Moving forward, EMGS plans to strengthen its relationship with other stakeholders within the Malaysian higher education ecosystem. This involves strategic cooperation with the Ministry of Higher Education and the HEIs.

In addition, EMGS also looks to increase its participation in education fairs abroad as part of its efforts to enhance Malaysia’s presence as an education hub. “The post pandemic landscape allows us to diversify our promotion efforts, which over the past two years, have been limited to online mediums,” Mohd Radzlan explains.

With travel restrictions lifted, the EMGS team are travelling abroad almost every month to participate in various international education fairs. Recently, EMGS also held a tour in Indonesia, specifically in Jakarta and Pekanbaru which attracted 2,000 and 1,000 visitors respectively. “We saw how excited students were to visit booths and receive first-hand information from university representatives,” Mohd Radzlan shares.

He adds, “We do believe online classes and webinars are here to stay. But being on-the-ground, greeting students and their parents makes the experience more personal for them, so we try to be physically present where opportunity arises. Organising more tours in other countries is definitely in the pipeline.”

The Road Ahead

Mohd Radzlan believes that there are more challenges ahead in EMGS journey. “Although the worst of the pandemic is behind us, we believe that it will continue to influence many students’ decision to study in another country, at least in the foreseeable future.

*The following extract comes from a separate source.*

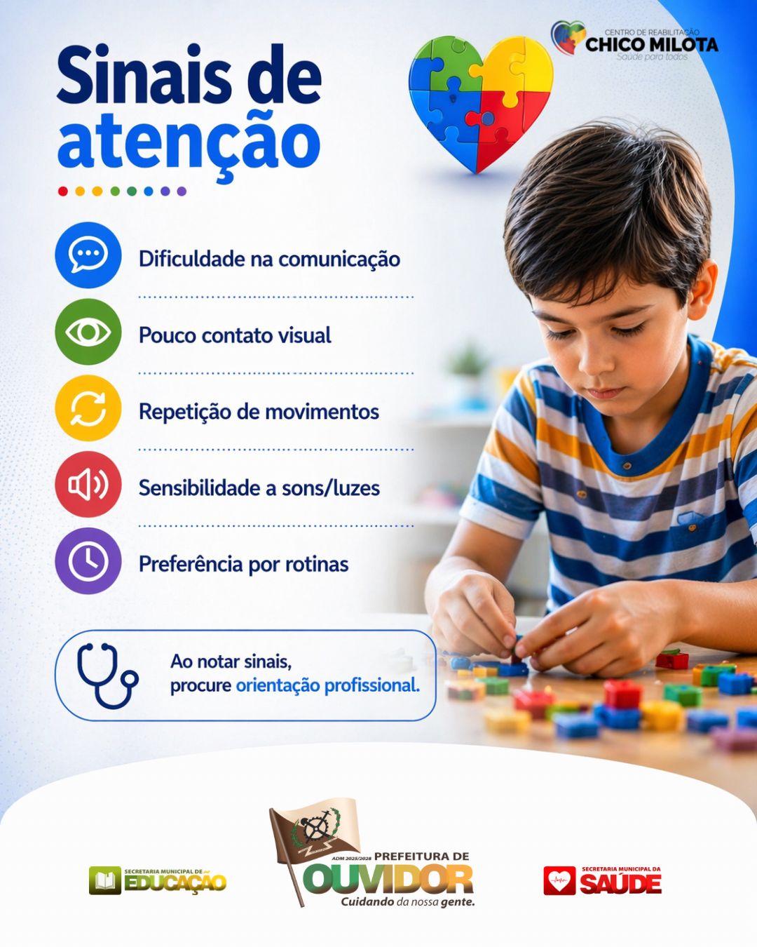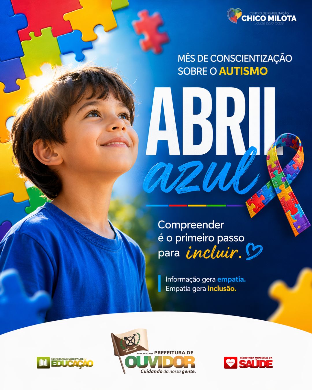 A ação é integrada pela Secretaria Municipal de Educação e pela Secretaria Municipal de Saúde, com apoio da Administração Municipal de Ouvidor, que reforçam o compromisso público de promover inclusão e acesso a informações confiáveis sobre o TEA.

We must play a role in creating a conducive and safe environment for international students studying in Malaysia.”

In five years, Mohd Radzlan wishes for EMGS to be on par with British Council in the UK and IDP Education in Australia. “We have big shoes to fill, of course. These organisations have really established themselves as the go-to for international students’ services in their respective countries. Staying complacent is simply not on the cards”. This is in line with his philosophy: Do not wait for the world to change, we need to change the world.

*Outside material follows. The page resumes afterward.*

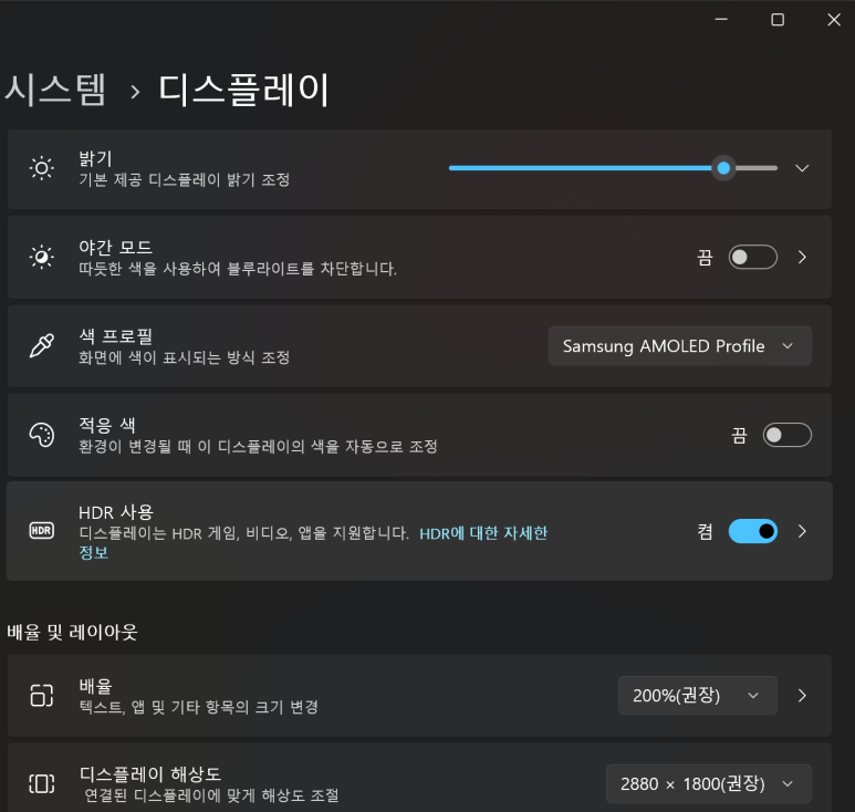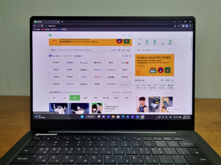 제가 이거 바로 켜자마자 좋았던것은 디스플레이가 정말 밝고 화질이 정말 좋더라구요?? 모바일에 관심이 많은 저에게도 정말 반가운 디스플레이 품질이었습니다. 제 기준으로 볼때는 디스플레이 품질만큼은 장담하실 수 있을꺼에요!! 하지만 단점을 하나 발견했는데 디스플레이가 글레어 되어있더라구요? 기존에 제가 쓰던 노트북은 논글레어라 그나마 불편하진 않았어요. 논글레어와 글레어와의 차이점이 뭐냐! 글레어는 말그대로 디스플레이의 저반사방지 코팅이 탑재되지 않아 유광의 느낌을 보여주는 것이고 논글레어는 저반사방지 코팅이 되어있어 빛반사에 있어서도 눈의 피로도와 부담감을 줄일 수 있는 차이점을 보여주고 있는 것이죠. 그래도 글레어로 처리를 하다보니 야외에서 디스플레이의 피크 밝기와 선명도는 만족하면서 썼기 때문에 깔끔한 글레어만의 장점도 갖고 있었습니다.

“Go above and beyond. Always ready to take calculated risks – this is the mindset that EMGS has adopted as a team as we strive to ensure that interest to study in Malaysia can be sustained over time,” he affirms. “We have done it a decade ago, and will continue doing so in the future. Together, EMGS can achieve anything it sets its mind to.”

Having carved a name for itself in various key sectors like electrical and electronics, oil and gas, tourism and healthcare, Malaysia is vying to cement itself as the destination of choice for higher education. No doubt, the country has made valuable inroads in this space thanks to EMGS’s decade-long efforts in promoting Malaysia and its HEIs globally. As the company embarks on its next phase of development, EMGS is committed to working hand-in-hand with Malaysian HEIs, and assisting the country in its climb to the top.